Find the line that contains "- Soft Close"; then retype it and each line after it, exactly, through the final line of the data below.

## Supplied records

-=-=-

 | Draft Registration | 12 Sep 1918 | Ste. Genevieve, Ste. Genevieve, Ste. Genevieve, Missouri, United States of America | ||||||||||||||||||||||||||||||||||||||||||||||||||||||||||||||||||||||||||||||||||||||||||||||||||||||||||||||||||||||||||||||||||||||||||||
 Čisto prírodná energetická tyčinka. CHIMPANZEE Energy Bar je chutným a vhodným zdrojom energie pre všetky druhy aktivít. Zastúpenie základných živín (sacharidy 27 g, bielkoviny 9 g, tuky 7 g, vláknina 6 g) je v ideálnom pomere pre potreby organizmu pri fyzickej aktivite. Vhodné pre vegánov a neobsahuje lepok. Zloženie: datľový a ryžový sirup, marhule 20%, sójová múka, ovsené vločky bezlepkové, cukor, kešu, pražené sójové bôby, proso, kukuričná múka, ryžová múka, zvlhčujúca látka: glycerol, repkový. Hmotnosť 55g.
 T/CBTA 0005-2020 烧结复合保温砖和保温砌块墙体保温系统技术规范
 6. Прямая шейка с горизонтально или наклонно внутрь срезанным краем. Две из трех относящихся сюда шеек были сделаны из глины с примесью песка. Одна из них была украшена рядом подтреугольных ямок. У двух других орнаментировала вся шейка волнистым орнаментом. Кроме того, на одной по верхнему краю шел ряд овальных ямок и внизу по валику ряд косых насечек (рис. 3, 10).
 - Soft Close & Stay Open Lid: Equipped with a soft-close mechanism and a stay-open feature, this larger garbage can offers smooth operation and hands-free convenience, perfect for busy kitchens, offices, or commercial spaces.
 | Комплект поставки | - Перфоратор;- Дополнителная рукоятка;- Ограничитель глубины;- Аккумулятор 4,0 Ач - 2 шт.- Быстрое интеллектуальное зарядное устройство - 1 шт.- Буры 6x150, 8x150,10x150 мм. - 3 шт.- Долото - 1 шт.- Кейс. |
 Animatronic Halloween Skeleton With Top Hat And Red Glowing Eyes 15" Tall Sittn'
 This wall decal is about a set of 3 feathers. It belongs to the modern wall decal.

-=-=-

## Output of the task
 - Soft Close & Stay Open Lid: Equipped with a soft-close mechanism and a stay-open feature, this larger garbage can offers smooth operation and hands-free convenience, perfect for busy kitchens, offices, or commercial spaces.
 | Комплект поставки | - Перфоратор;- Дополнителная рукоятка;- Ограничитель глубины;- Аккумулятор 4,0 Ач - 2 шт.- Быстрое интеллектуальное зарядное устройство - 1 шт.- Буры 6x150, 8x150,10x150 мм. - 3 шт.- Долото - 1 шт.- Кейс. |
 Animatronic Halloween Skeleton With Top Hat And Red Glowing Eyes 15" Tall Sittn'
 This wall decal is about a set of 3 feathers. It belongs to the modern wall decal.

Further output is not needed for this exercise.